The Supreme Court, Martians, Justice Jackson, and Chief Justice Roberts
Justice Jackson's dissent in the universal injunction case (CASA, Inc. v. Trump) includes this line:
A Martian arriving here from another planet would see these circumstances and surely wonder: "what good is the Constitution, then?" What, really, is this system for protecting people's rights if it amounts to this—placing the onus on the victims to invoke the law's protection, and rendering the very institution that has the singular function of ensuring compliance with the Constitution powerless to prevent the Government from violating it? "Those things Americans call constitutional rights seem hardly worth the paper they are written on!"
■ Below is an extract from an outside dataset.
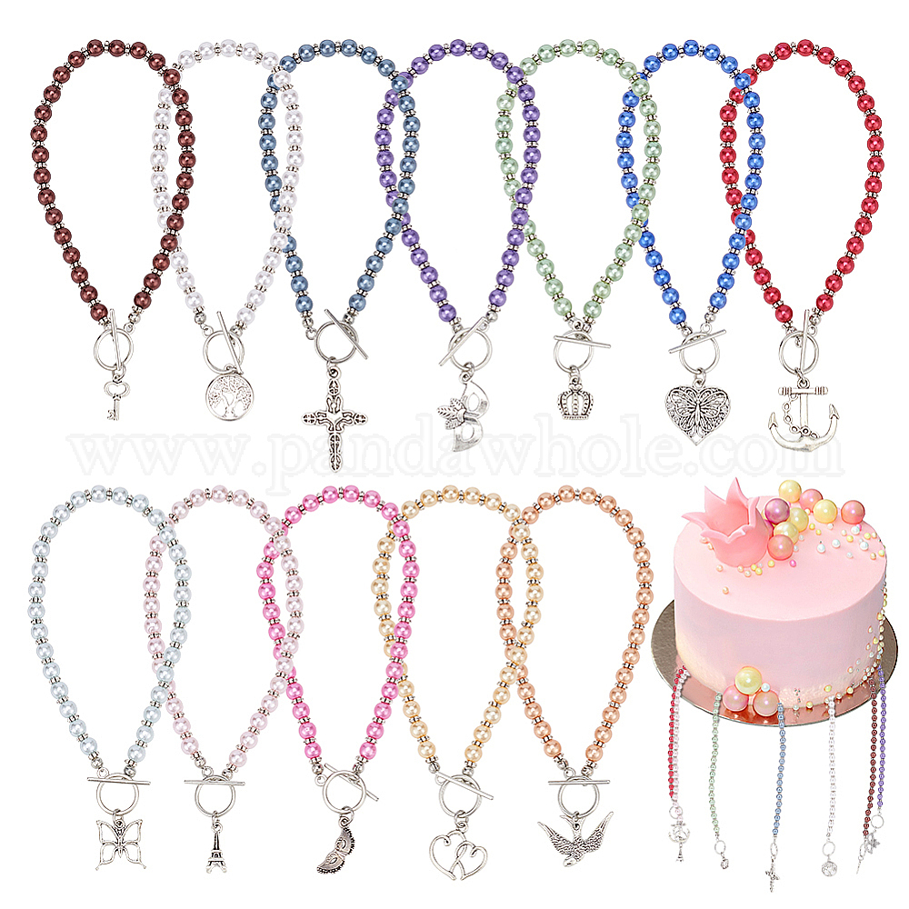 • (52) Непрозрачная лаванда Акриловый искусственный жемчуг круглый свадебный торт из бисера, партийные украшения, С подвеской из тибетского сплава, отмычка/птица/корона, разноцветные, 258~269 мм, 12 стиль, 1 шт / стиль, 12 шт / коробка

Some people have suggested there's something strange or inappropriate about bringing Martians into it, but it seems a pretty familiar locution. Here, for instance, is Chief Justice Roberts from Riley v. California (2014), which labels it familiar enough to be "proverbial":
These cases require us to decide how the search incident to arrest doctrine applies to modern cell phones, which are now such a pervasive and insistent part of daily life that the proverbial visitor from Mars might conclude they were an important feature of human anatomy.
Justice Thomas used a similar phrase in Foster v. Chatman (2016) and Justice O'Connor in Engle v. Isaac (1982), both quoting Judge Henry Friendly, Is Innocence Irrelevant? Collateral Attack on Criminal Judgments, 38 U. Chi. L. Rev. 142, 145 (1970):
The proverbial man from Mars would surely think we must consider our system of criminal justice terribly bad if we are willing to tolerate such efforts at undoing judgments of conviction.
The "proverbial man from Mars" refers to someone who looks at things afresh, without focusing on the social conventions or legal frameworks that (the speaker suggests) might blind us to what's actually going on. You can agree or disagree with Justice Jackson's substantive argument about universal injunctions, but judges and Justices have been using the Martian thought experiment for generations.
(The pedant in me does agree, though, that "Martian arriving here from another planet" is redundant, in a way that "proverbial visitor from Mars" is not. But that really is pedantry.)